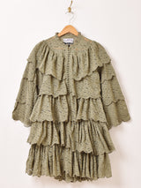 レースをたっぷりと使い、袖から裾にかけてフリルを段々に重ねた、ガーリーな膝丈ワンピース。首元はクラシックな雰囲気のスタンドカラー。裏地はなく、ほんのりとした透け感があります。
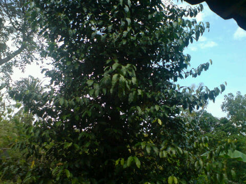Pohon Melinjo di belakang rumah saya ini biasanya sejak pagi sudah banyak burung kutilang dan trotokan yang nongkrong – nangkring berkicau. Tetapi tadi pagi burung – burung pekicau itu pindah tongkrongan. Tidak jauh sih. Masih di pepohonan lain di sekitar kebun milik keluarga.
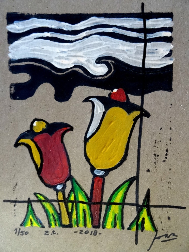 zelfontworpen tulpen linodruk en acrylbeschildering
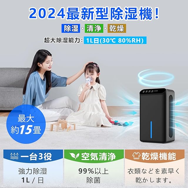 商品名:【画期的】除湿機 大容量 強力除湿 除湿器 部屋干し 湿気取り 【除湿量1L/日 15畳】衣類乾燥 2.5L大容量 マイナスイオン機能付き 切タイマー機能 任せモード 満水自動OFF 小型 除湿機 湿気/梅雨対策 ・結露/カビ防止 コンパクト 7色ライト 静音 省エネ 人気 脱衣所 トイレなどに適用 日本語取扱説明書付 PSE認証済 (マットブラック)
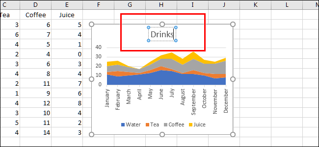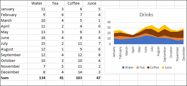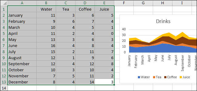 首先,我们将制作一个图表以便更好地了解我们的数据。在此示例中,这是在虚构餐厅购买的饮料类型的表。首先,我们将通过单击并拖动来选择要分组的单元格。
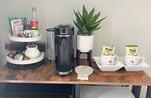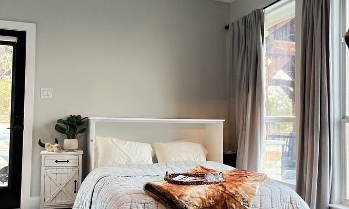 Enjoy stunning views of Lake Travis in our cozy bedroom with an attached full bathroom connected to the family home. Bedroom features a queen bed with premium linens, a modern bathroom hairdryer included, WiFi, and AC.
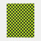 A vibrant checkerboard pattern with alternating neon yellow and black squares creates a striking geometric design, conveying a bold and energetic tone.
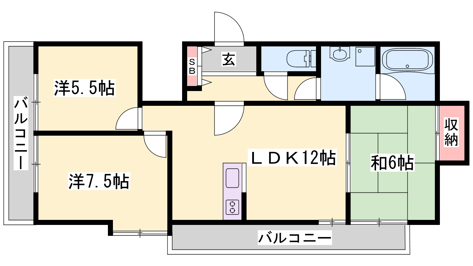 - LDK12帖、洋室7.5帖、洋室5.5帖、和室6帖
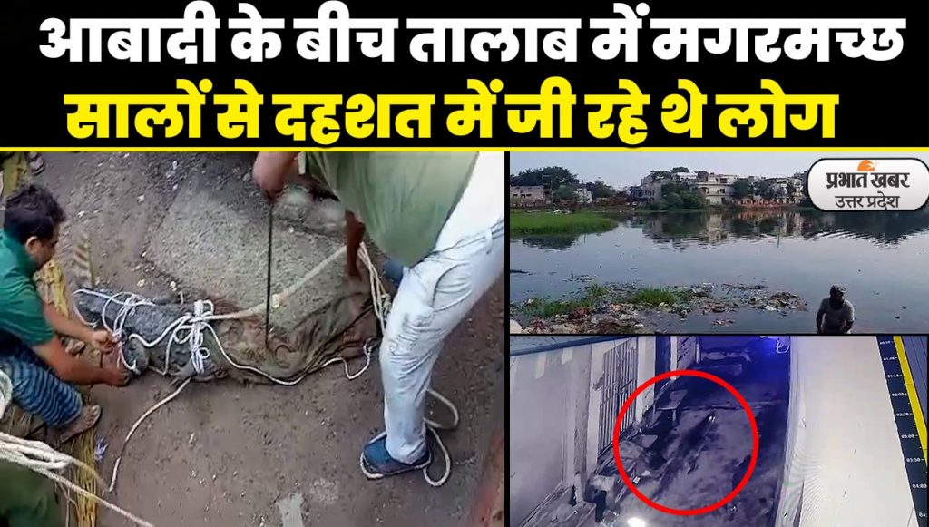 Aligarh News: आबादी के बीच तालाब से पकड़ा गया विशालकाय मगरमच्छ, कई सालों से दहशत में थे यहां के लोग
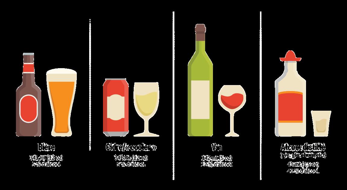 Au Canada, un verre standard correspond à 17,05 millilitres ou 13,45 grammes d’alcool pur C’est l’équivalent de qui suit :
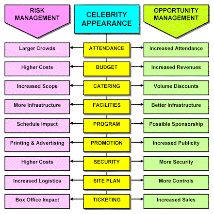 Risk and opportunity represent the two-sided coin of "chance". Risk management, traditionally, seeks to minimize negative outcomes, whereas opportunity management seeks to take advantage of possibilities that enhance positive outcomes. The identification of the potential impacts and potential benefits of a particular decision or change allows the event organizer (and risk manager) to properly prepare for the risks and successfully develop the gains. This "downsides" / "upsides" perspective (similar to a Change Impact or Cost/Benefit analysis) also facilitates change management and the ability to justify the decisions made.
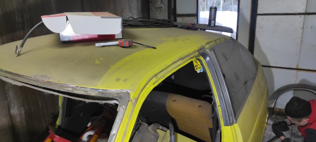 Работа понеслась постепенно купили печку обогреватель и перевезли машину в гараж
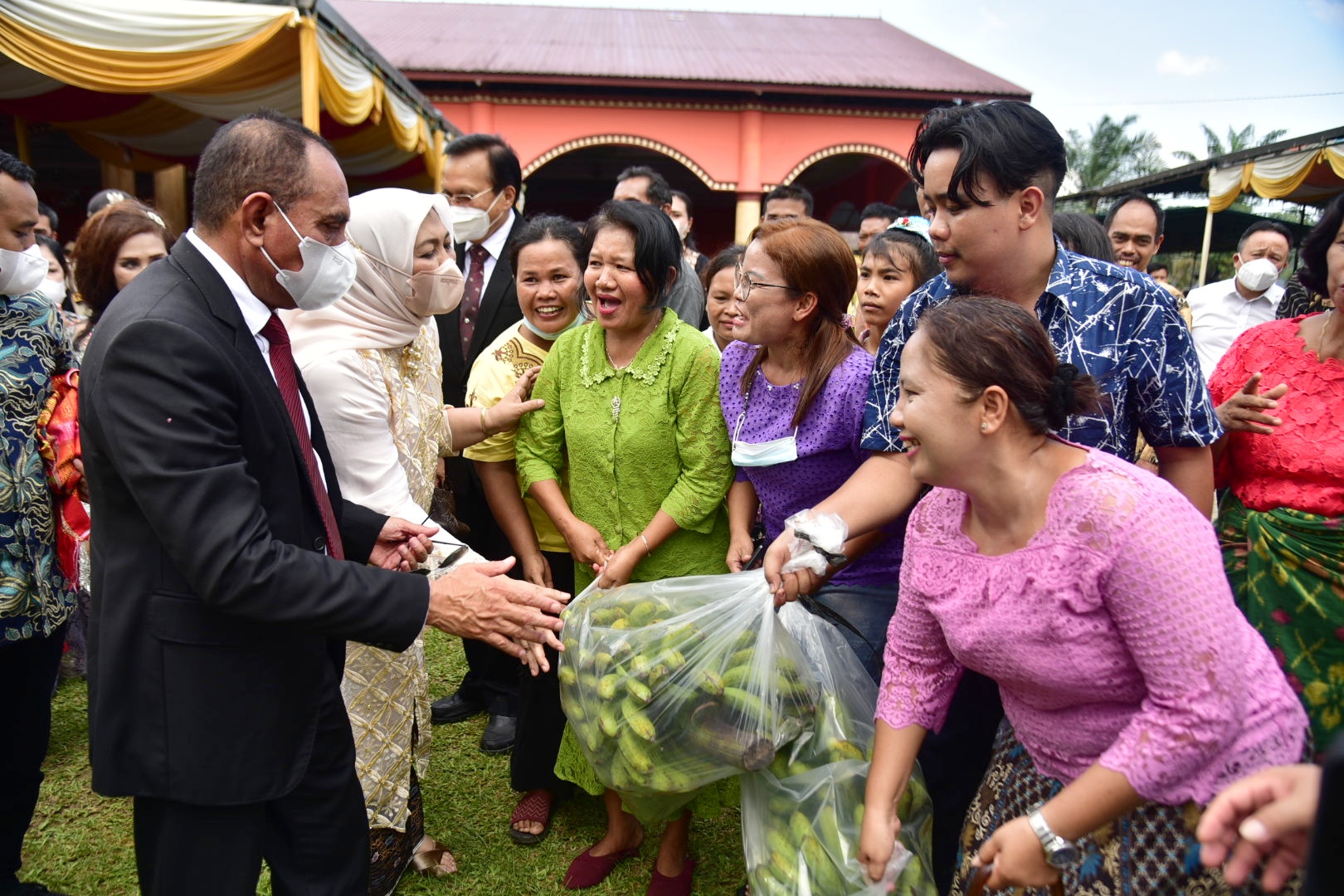 Sementara itu, sebagai rasa apresiasi dan bangga atas kehadiran gubernur, para warga dari Gereja Stasi Bangun Jati Rayon Negara dan Gereja Stasi Namo Pinang, Kecamatan Sibiru-biru, menyerahkan hasil bumi berupa ikan mas dan buah pisang kepada gubernur.

- - - -

- _WHAT TO DO_
Starting with the line that has "zelfontworpen tulpen linodruk" and going on through the line that has "Enjoy stunning views", transcribe the records above exactly, but skip the pictures.

- _ANSWER_
 zelfontworpen tulpen linodruk en acrylbeschildering
 商品名:【画期的】除湿機 大容量 強力除湿 除湿器 部屋干し 湿気取り 【除湿量1L/日 15畳】衣類乾燥 2.5L大容量 マイナスイオン機能付き 切タイマー機能 任せモード 満水自動OFF 小型 除湿機 湿気/梅雨対策 ・結露/カビ防止 コンパクト 7色ライト 静音 省エネ 人気 脱衣所 トイレなどに適用 日本語取扱説明書付 PSE認証済 (マットブラック)
 首先,我们将制作一个图表以便更好地了解我们的数据。在此示例中,这是在虚构餐厅购买的饮料类型的表。首先,我们将通过单击并拖动来选择要分组的单元格。
 Enjoy stunning views of Lake Travis in our cozy bedroom with an attached full bathroom connected to the family home. Bedroom features a queen bed with premium linens, a modern bathroom hairdryer included, WiFi, and AC.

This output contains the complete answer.